Morrisville gets new school board rep; Cary sticks with Fletcher

akenney@newsobserver.comOctober 11, 2013 

  • Results District 1

    Tom Benton→ 51.75%

    Don McIntyre→ 47.79%

    District 2

    Monika Johnson-Hostler→ 53.73%

    Matt Scruggs→ 45.86%

    District 7

    Zora Felton→ 57.61%

    Deborah Prickett→ 42.03%

    District 9

    Bill Fletcher→ 50.75%

    Nancy Caggia→ 48.74%

    (200 of 200 precincts reporting)

— Zora Felton says she didn’t know much about Morrisville before she decided to run for the school board seat that represents the town and northwest Raleigh.

Now she’s learning more about the diverse community that has only two elementary schools and no middle school or high school.

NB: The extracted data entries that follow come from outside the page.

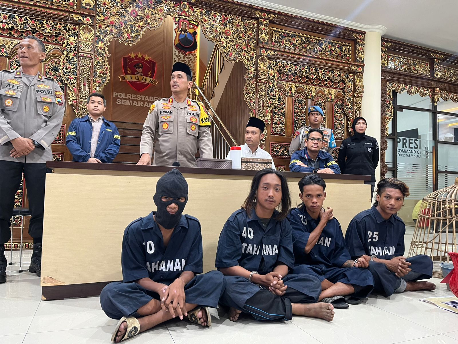 PANDUGA.ID, SEMARANG – Empat pemuda pekerja bangunan ditangkap oleh polisi setelah terlibat dalam kasus penganiayaan di Jalan Potrosari, Kelurahan Srondol Kulon, Banyumanik, Kota Semarang. Keempat pelaku tersebut adalah Saka Pramuja (26), Valentino Rossi Adam (18), Muhammad Romandika Adianta (22), serta seorang remaja berinisial MJ (16), yang kini berhadapan dengan hukum.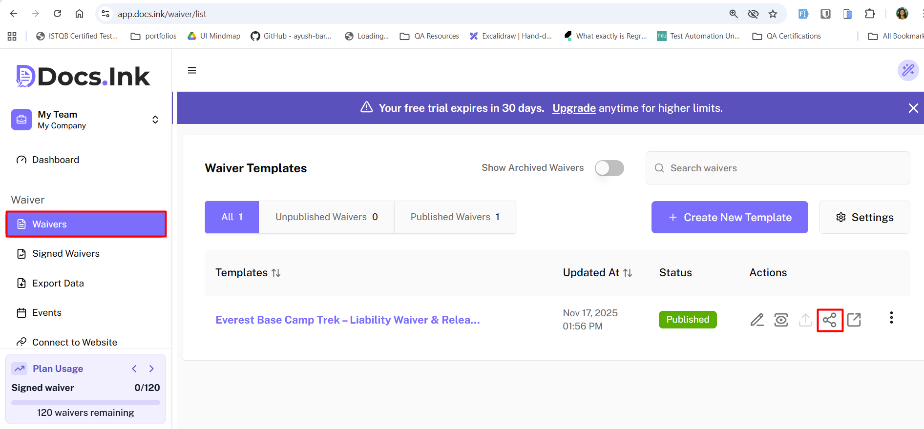 Once you’re in Waivers Tab, → Click on the Share icon of the waiver you want to share from the List.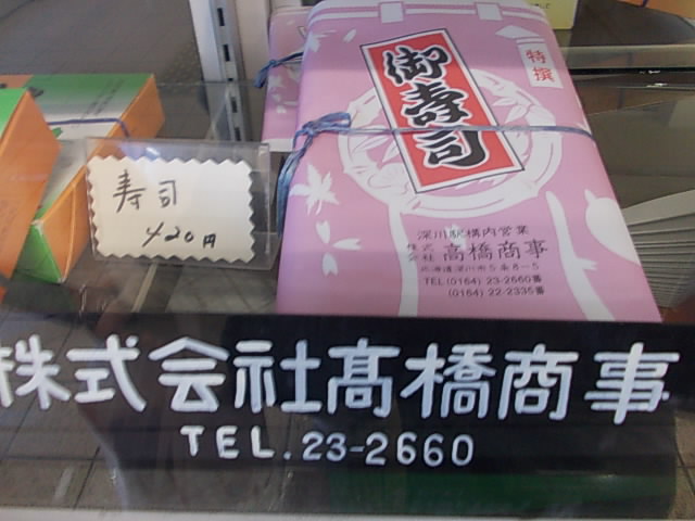 深川の代表的な銘菓であるウロコダンゴは、三浦綾子の小説「銃口」でも登場することで、地元民のみならず全国的にもファンの多い商品ですが、地元では実は”高橋商事”というごく平凡な事業体として、深川駅構内で駅弁販売や立ち食いそば屋さんを営業しています。札幌=旭川を移動される方は多いかと思いますが、深川は殆どの場合素通りされてしまいます。是非、一風変わった風情を味わいに、途中下車してみて下さい。

“It’s blooming everywhere,” she said of Morrisville’s growth, adding that “there’s a need for schools in the area.”

Felton, a Democrat, unseated incumbent Deborah Prickett in District 7 during Tuesday’s Wake County school board election. Prickett, elected in 2009, was the only member of that year’s new GOP majority to seek a second term.

Felton, who outpaced Prickett in fundraising two weeks ahead of the race, held a lead of about 16 percentage points by the end of the night.

Morrisville leaders have said they want to begin talks with the school board and county leaders about building more schools in Morrisville. Felton said she’s all for the idea.

“I will be happy to go to those meetings,” she said. “I will be happy to represent the school board.”

Morrisville “needs to be vocal” about its school needs, added Felton, a retired educator.

While Morrisville will have a new school board representative, Bill Fletcher will continue to represent Cary on the board.

Fletcher narrowly defeated challenger Nancy Caggia by 2 percentage points. Both are registered as Republicans, but each garnered cross-party support in the race to represent western Wake County.

The current Democratic majority gave Fletcher his seat in March, while Caggia won written support from Harold Weinbrecht, the Democratic mayor of Cary. She also had the endorsement of the Wake County Republican Party.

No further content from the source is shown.